**Task instructions**
Please repeat the data below exactly, with the pictures removed.
━━━ Dataset extract
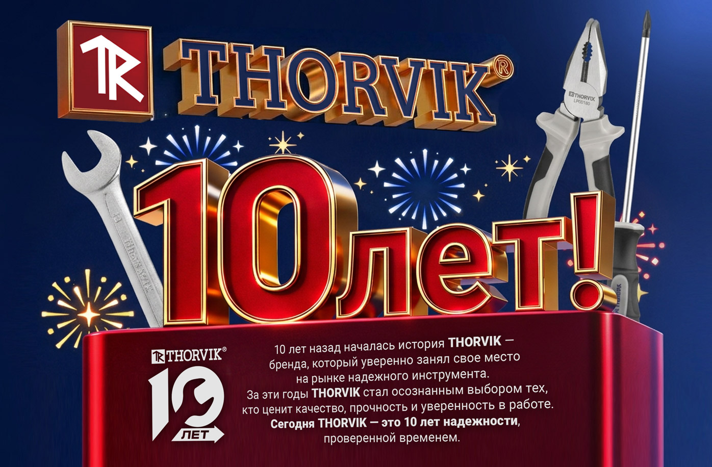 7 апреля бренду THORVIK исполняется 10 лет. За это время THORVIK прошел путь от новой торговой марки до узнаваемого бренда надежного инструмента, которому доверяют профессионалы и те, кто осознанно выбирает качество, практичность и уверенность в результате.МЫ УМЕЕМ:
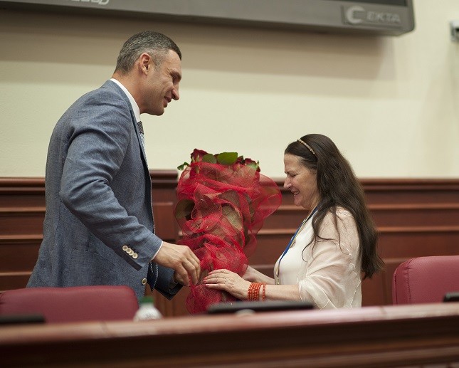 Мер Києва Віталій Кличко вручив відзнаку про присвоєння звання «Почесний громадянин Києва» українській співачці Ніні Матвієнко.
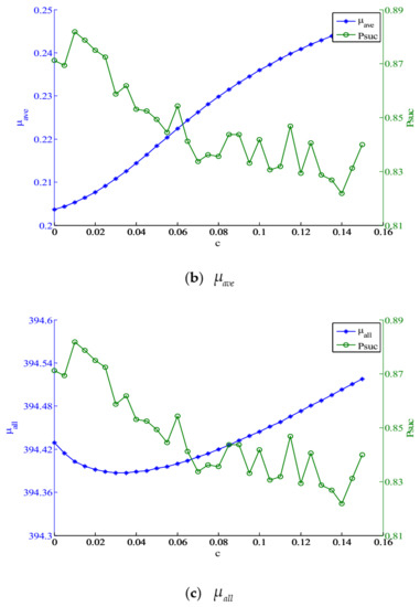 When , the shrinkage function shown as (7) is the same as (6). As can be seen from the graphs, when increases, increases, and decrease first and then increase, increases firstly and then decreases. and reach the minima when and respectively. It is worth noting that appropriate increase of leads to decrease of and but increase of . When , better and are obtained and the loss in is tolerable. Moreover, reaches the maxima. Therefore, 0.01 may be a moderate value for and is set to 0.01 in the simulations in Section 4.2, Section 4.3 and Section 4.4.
━━━━━━
**Reply**
 7 апреля бренду THORVIK исполняется 10 лет. За это время THORVIK прошел путь от новой торговой марки до узнаваемого бренда надежного инструмента, которому доверяют профессионалы и те, кто осознанно выбирает качество, практичность и уверенность в результате.МЫ УМЕЕМ:
 Мер Києва Віталій Кличко вручив відзнаку про присвоєння звання «Почесний громадянин Києва» українській співачці Ніні Матвієнко.
 When , the shrinkage function shown as (7) is the same as (6). As can be seen from the graphs, when increases, increases, and decrease first and then increase, increases firstly and then decreases. and reach the minima when and respectively. It is worth noting that appropriate increase of leads to decrease of and but increase of . When , better and are obtained and the loss in is tolerable. Moreover, reaches the maxima. Therefore, 0.01 may be a moderate value for and is set to 0.01 in the simulations in Section 4.2, Section 4.3 and Section 4.4.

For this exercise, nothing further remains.